По моему мнению, камень этот играет главную роль в былых сказках и легендах Бретани. Это центр, откуда расходятся все суеверия и верования, все тревоги и надежды. От него, а может быть, от волшебного жезла, которым владел верховный жрец, заставлявший его по своему желанию сжигать плоть или излечивать раны, стихийно пошли прекрасные истории о рыцарях Круглого стола и чародее Мерлине. Он – основа всех туманных слухов, средоточие всех символов. Он – тайна и истина, великая загадка и великая разгадка.
Последние слова дон Луис произнес с улыбкой и несколько восторженно.
– А ты, Ворский, не радуйся, – обратился он к врагу. – Оставим наши восторги для рассказа о твоих злодеяниях. Мы подошли к апогею друидической эпохи, которая продолжалась долгие века и после исчезновения друидов, когда чудесным камнем пользовались всяческие чародеи и кудесники. Теперь мы постепенно перейдем к третьему религиозному периоду, то есть к постепенному упадку всего, что составляло достояние Сарека, – паломничеств, памятных празднеств и так далее.
Церковь и впрямь не сумела приспособиться к столь откровенному идолопоклонству. Насколько это было в ее силах, она боролась с этим куском гранита, привлекавшим столько верующих и упрочивавшим омерзительный культ. Борьба была неравной, и прошлое уступило. Дольмен перенесли на его теперешнее место, плиту богемских королей засыпали слоем земли, а там, где происходили кощунственные чудеса, поднялось распятие.

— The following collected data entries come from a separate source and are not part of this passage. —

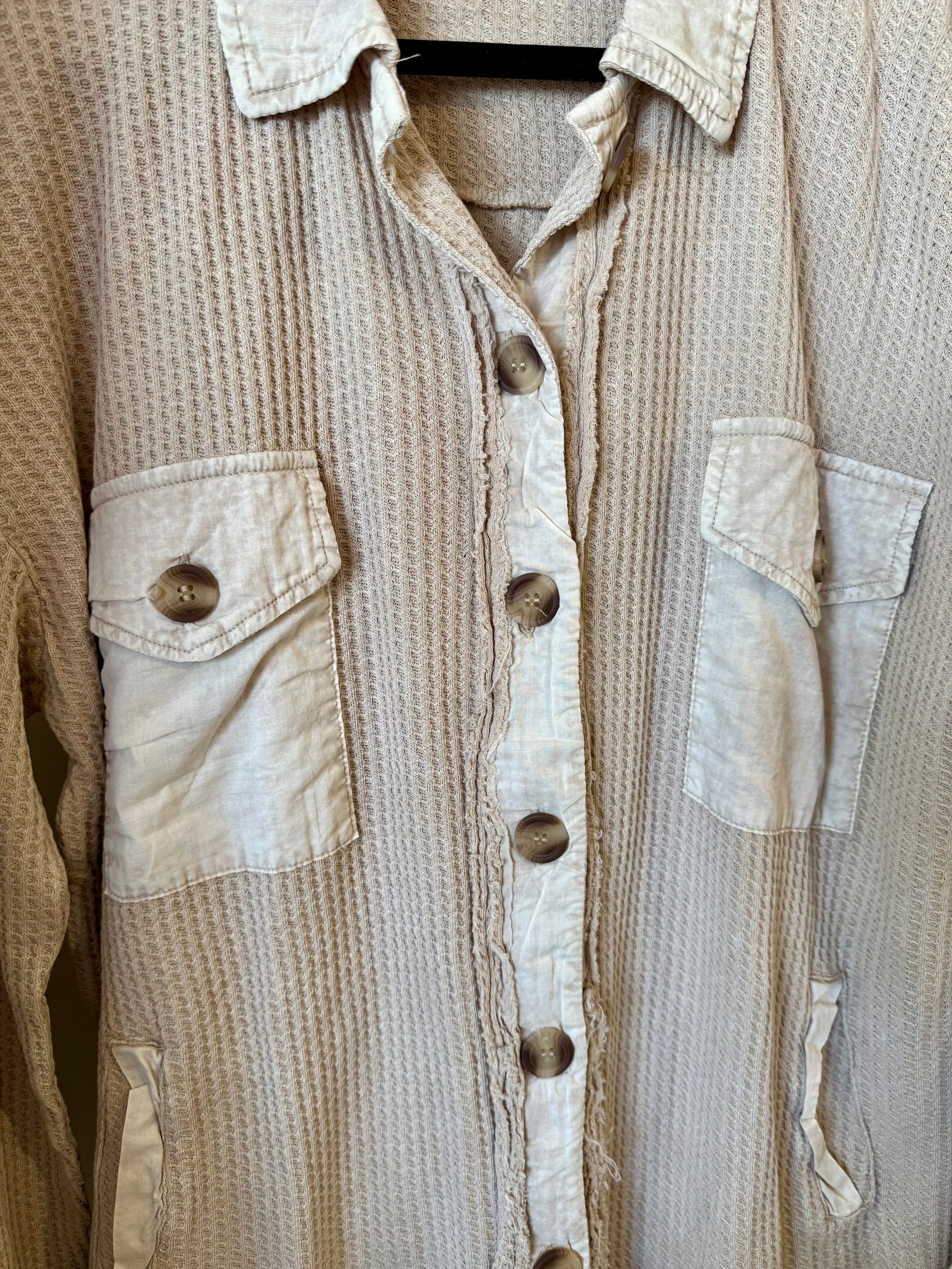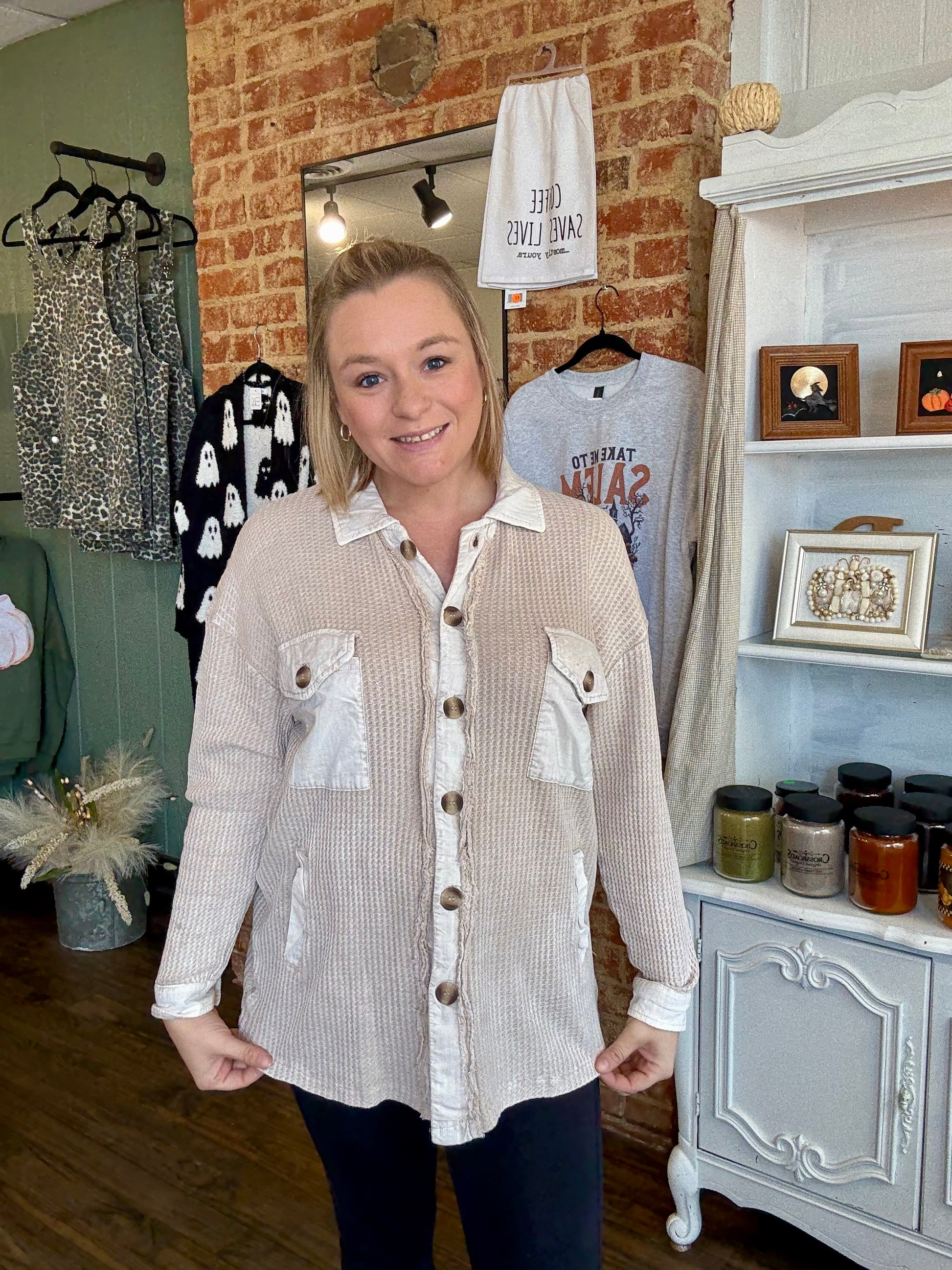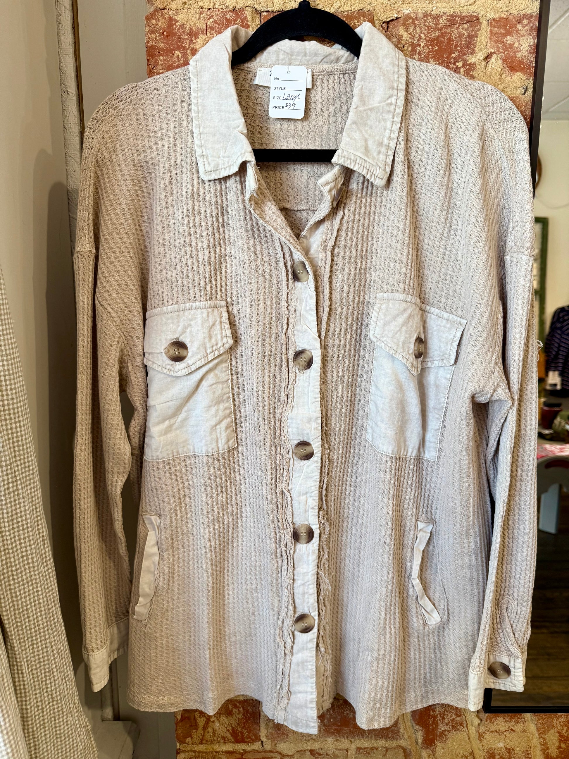 COTTON WAFFLE ACID WASH OVERSIZED SHACKET
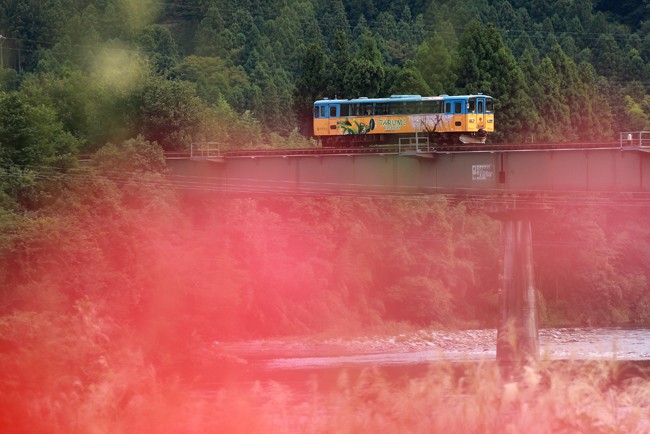 神海の先の根尾川を渡る鉄橋にて。色づいた田圃、彼岸花など、どう撮ったらいいか迷ってしまいましたが、結局望遠で。
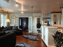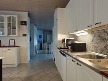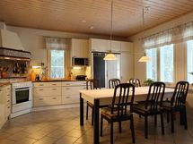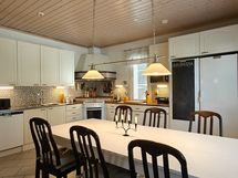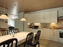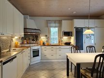 - Tilaa isolle ruokapöydälle, Paljon kaappitilaa, Paljon työskentelytilaa, Suuri tiskipöytä, Lasikaapit, Puutasot, Astianpesukone, Pesukoneliitos, Sähköliesi, Keraaminen liesi, Liesituuletin, Liesikupu, Jääkaappi, Pakastin
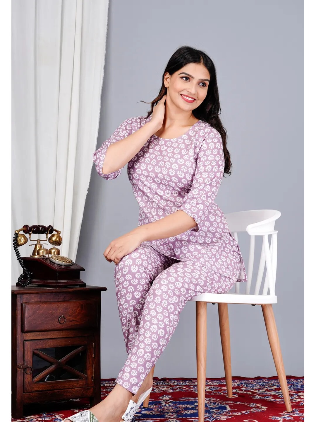 Product Name: Lavender Floral Kurta Pyjama Night Suit for Women
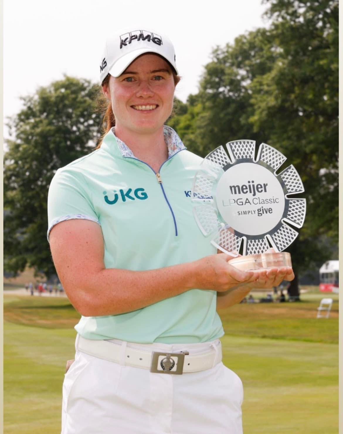 Leona Maguire poses with the Meijer LPGA Classic trophy at Blythefield Country Club in Grand Rapids, Michigan
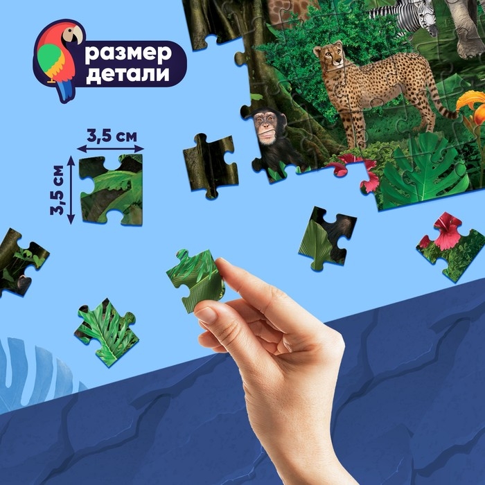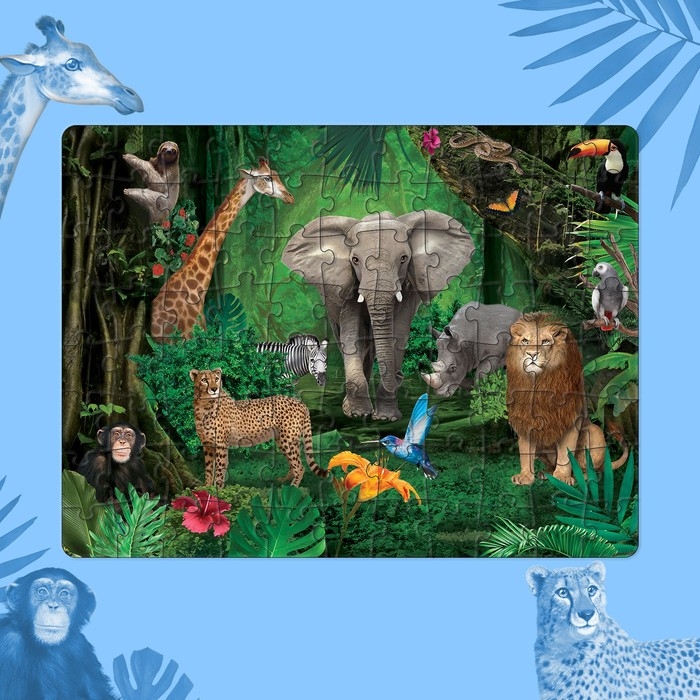 Cветящийся пазл «В жарких странах» — это занимательная развивающая игра в новом формате. Достаточно выключить свет в комнате, и вы увидите, как собранная картинка благодаря особой краске начнёт светиться в темноте.

И над всем этим – великое забвение.
Поймите меня правильно. Забылись обряды. Забылись ритуалы и все, что составляло историю исчезнувшего культа. Но не забылся сам Божий Камень. Никто больше не знал, где он находится. Никто не знал даже, что это такое. Но люди постоянно говорили о нем и верили в существование чего-то, что называется Божьим Камнем. Из уст в уста, от поколения к поколению передавались волшебные и жуткие истории, которые все сильнее удалялись от действительности и превращались в легенду – легенду все более смутную и ужасную, однако при всем том сохранявшую в людской памяти воспоминания о Божьем Камне, и прежде всего – его имя.
Если учесть, как прочно воспоминания о нем укоренились в памяти людей, как бессмертны они в истории этих краев, вполне логично будет предположить, что время от времени кто-нибудь любопытный пытался восстановить чудесную правду. Двое из таких любопытных – брат Тома́, монах-бенедиктинец, живший в середине пятнадцатого века, и наш современник господин Магеннок – сыграли во всем этом деле немаловажную роль. Брат Тома – поэт и художник-миниатюрист, о котором мы мало что знаем, очень скверный поэт, судя по его стихам, но небесталанный, хотя и наивный художник – оставил после себя нечто вроде требника, в котором воспел свое пребывание в Сарекском аббатстве и нарисовал тридцать дольменов, находящихся на острове, снабдив все это стихами, религиозными цитатами и пророчествами в духе Нострадамуса. Этот требник, в котором есть пресловутая страница с распятыми женщинами и пророчеством относительно Сарека, и обнаружил Магеннок, а я нашел его ночью в комнате последнего и там же и прочитал.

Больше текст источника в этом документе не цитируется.